自分は、普通の、どちらかと言えば貧乏な家庭に育ったため(汗)、学習対象として英語に触れるようになるのは、公立中学校における英語の授業からである。

その中学1年の時の最初の英語の授業の印象は、ある意味、衝撃的なものであった(ちょっと大げさ)。

期待と不安の混じる中、最初の授業が始まると、先生はおもむろに、「では、先生の後に続けて言って下さい」と言ったかと思うと、教科書に書かれたいくつかの単語を順番に声に出して読み始めた。それに対して、自分以外の他の生徒達は、なんのためらいもなく、先生の後に続いて、なにやら先生が発したらしき言葉と同じ言葉を発している。

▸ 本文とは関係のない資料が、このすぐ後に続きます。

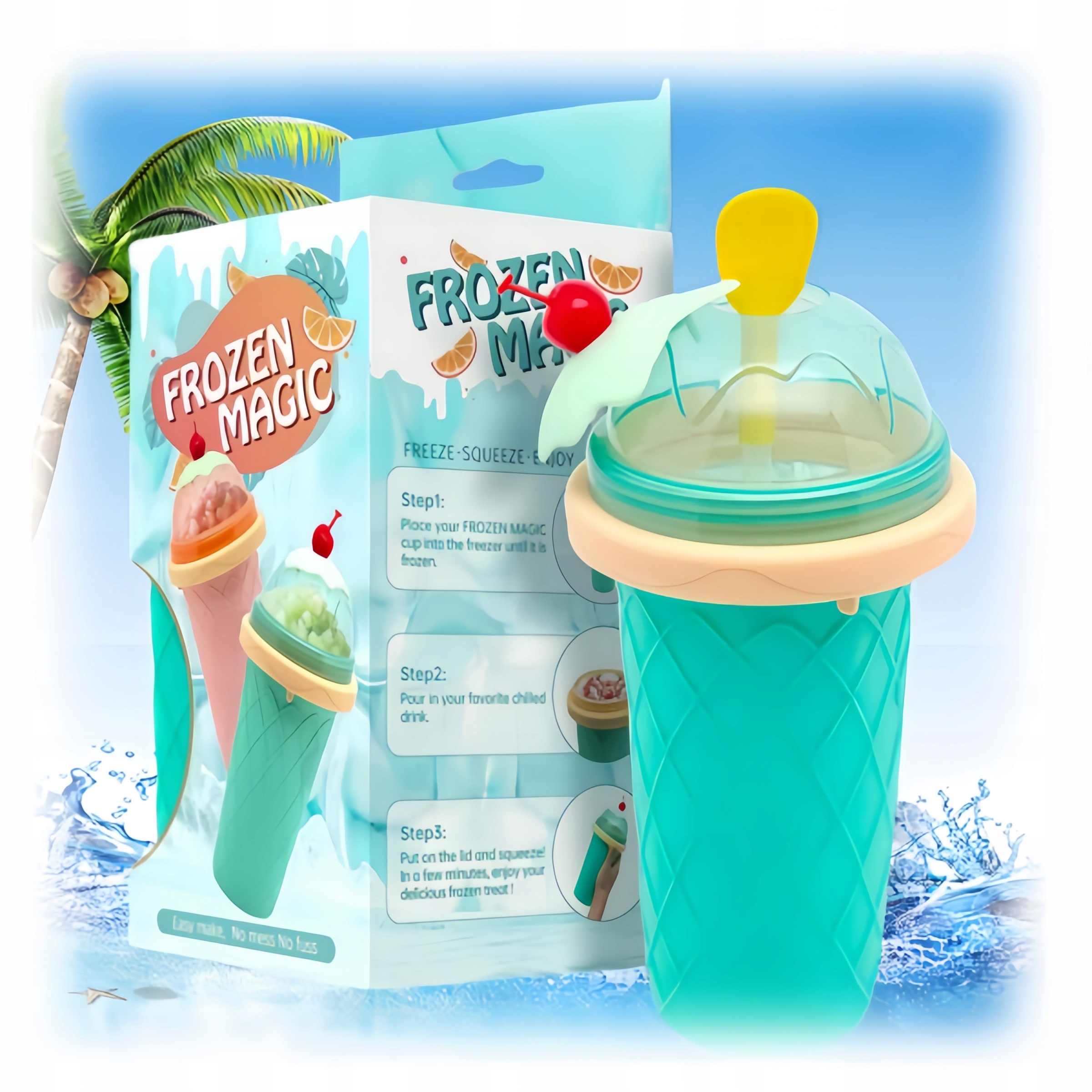 - Наконец-то сжимайте Magic Slushy Maker Cup своими пальцами в течение 2-3 минут, пока она не взобрана с Smoothie и наслаждайтесь ею. Убедитесь, что вы и свою семью самую прохладную летнюю еду в самое короткое время.

このとき、自分は、心底驚いた。どのように発音するかを教えて貰っていないに、他の生徒達は、どうして、初めて見る英単語を発音することができるのだ?!

結局、自分は、その日、訳が判らんと思いながら、最後までほとんど言葉を発することなく、授業の終わりを迎えることとなった。

そして、授業が終わるとすぐさま、友人の所へ行って、上記疑問をぶつけてみると、その友人が答えるには、みんな、LL教室とかに言っているからできるんだよ、ということであった。いま思えば、何人かそんな連中がいたとしても、みんなが行っているなんてありえないのだが、その当時は、そういうものかと納得したものだった。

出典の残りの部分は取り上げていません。